A 2024 study in Methylorubrum extorquens PA1 examined glycine betaine (GB) metabolism and explicitly notes that GB metabolism generates formaldehyde, an intermediate of methylotrophic metabolism, motivating investigation in this genus. The same work emphasizes that GB degradation produces formaldehyde and glycine, which “may be used simultaneously by facultative methylotrophs,” connecting glycine production/consumption to methylotrophic physiology. (hying2024glycinebetainemetabolism pages 1-3)

Importantly, this paper states that “Methylorubrum extorquens AM1 can utilize GB as a sole source of carbon and energy; however, the pathway responsible has not been identified.” This provides direct organism-specific evidence that AM1 has metabolic capacity to route GB-derived carbon/energy, potentially involving glycine/serine/C1 intersections, but it does not experimentally implicate gcvP (C5AUG0) directly. (hying2024glycinebetainemetabolism pages 1-3)
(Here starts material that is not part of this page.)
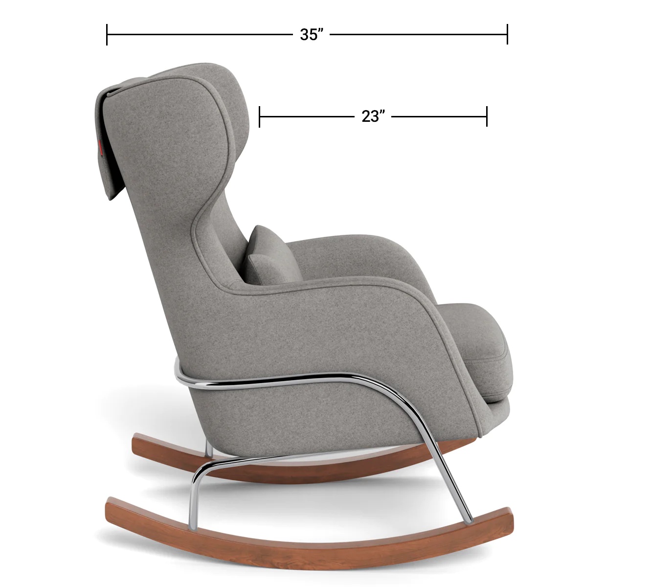 Our Grand Jackson is a purposefully designed wingback with striking curves and smooth rocking comfort. Its combination of solid walnut wood, metal legs and sumptuous fabric choices, along with its stunning silhouette, make this rocker a sculptural statement piece for your home. Rest your head and Rock On in this unique wingback.

3.3 Conserved pathway inference for AM1 gcvP

Given the conserved chemistry (Sections 1–2) and the ecological/physiological relevance of glycine and folate-linked C1 metabolism in Methylorubrum environments (e.g., plant-associated habitats generating methylated compounds and formaldehyde), the most evidence-supported functional placement for AM1 gcvP (C5AUG0) is as the P-protein of the cytosolic glycine cleavage system, supplying CO2 + NH3 + 5,10-CH2-THF from glycine and participating in glycine/serine/C1 unit balancing. This is an inference grounded in conserved GCS mechanism rather than AM1-specific knockout/flux evidence in the retrieved corpus. (xu2021standalonelipoylatedhprotein pages 1-5, hying2024glycinebetainemetabolism pages 1-3)

4. Cellular localization

The mechanistic GCS literature explicitly contrasts eukaryotic mitochondrial localization with bacterial cytosolic localization, describing GCS activity “in the cytosol of many bacteria”. Therefore, the most supported localization for M. extorquens AM1 GcvP is cytosolic (bacterial cytosol), operating as part of a multi-protein enzyme system rather than a membrane protein or secreted factor. However, no AM1-specific localization experiment (e.g., fractionation, microscopy tags) was retrieved in this evidence set. (xu2021standalonelipoylatedhprotein pages 1-5)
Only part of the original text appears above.